In March 1979, the Ziff Corporation bought Rust Craft's broadcasting assets, including WJKS, for $89.4 million. On March 31, 1980, WJKS and WTLV swapped network affiliations; WTLV took the ABC affiliation from WJKS, with NBC programming moving to WJKS. At the time, ABC was the highest-rated broadcast television network in the United States, while NBC was mired in last place in the ratings.
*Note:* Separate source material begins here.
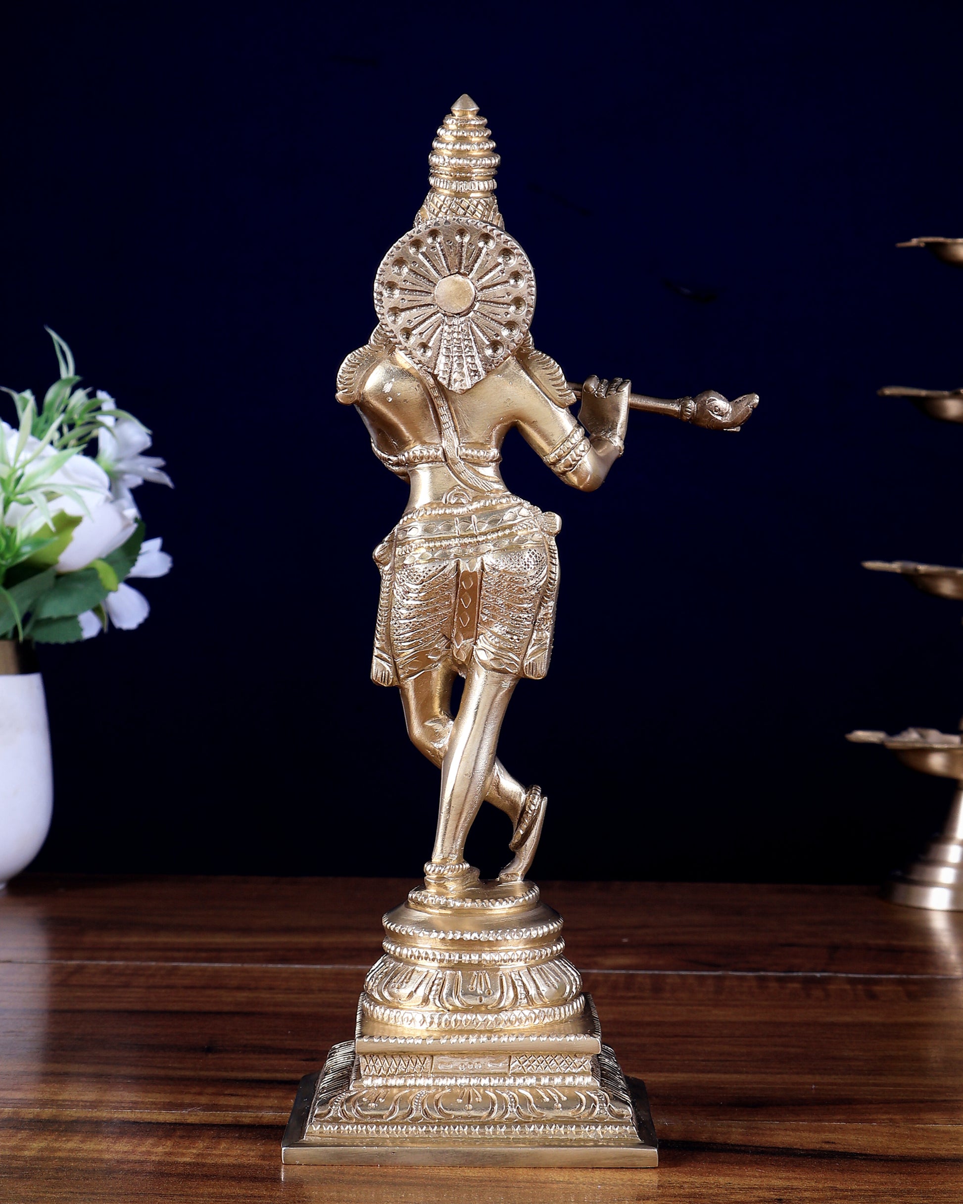Premium Brass Lord Krishna Sleek Idol – 9 Inch | Elegant Brass Krishna Statue | BudhShiv

Media General acquired WJKS from the Ziff Corporation for $18 million in October 1982, as part of the latter company's sale of its six television stations in order to focus on its magazine assets. WJKS became the second television station to be owned by Media General (the first being the company's flagship station WFLA-TV, across the state in Tampa). On April 3, 1988, WTLV and WJKS officially reversed the 1980 affiliation swap between the two stations, with WJKS aligning with ABC once again and WTLV returning to NBC. By this time, NBC had emerged as the top-rated American broadcast network, while ABC had dropped to second place.

The WB affiliation
In May 1994, Birmingham ABC affiliate WBRC was sold to New World Communications, which signed an affiliation agreement with eleven other stations which would become Fox affiliates. WBRC was placed in a blind trust in the fall of 1994, as the Federal Communications Commission (FCC) prohibited a company from owning more than twelve television stations at the time. That station was sold to Fox directly in July 1995, but Fox was forced to run it as an ABC affiliate for over a year after the sale, as WBRC's affiliation contract with ABC did not expire until August 1996. Before WBRC became a Fox owned-and-operated station, Allbritton Communications purchased WCFT-TV and WJSU-TV, and made them full power satellites of WBMA-LP; this prompted Allbritton to sign a groupwide affiliation deal with ABC. As part of the deal, Allbritton-owned WBSG-TV in Brunswick, Georgia (now Ion Television affiliate WPXC-TV) was to become the  ABC affiliate for Jacksonville. 

This posed a problem for the network, as WBSG-TV's signal only covered the northern portion of the Jacksonville market. As a result, upstart WJXX (channel 25; which was operated by Allbritton under a local marketing agreement with owner WPR, L.P., before the former purchased the station outright in September 1997), which had originally planned to operate as an independent station, was named as Jacksonville's new ABC affiliate effective after the termination of WJKS' affiliation contract with the network in January 1997. In response to losing the ABC affiliation, Media General quickly signed an affiliation agreement with The WB. 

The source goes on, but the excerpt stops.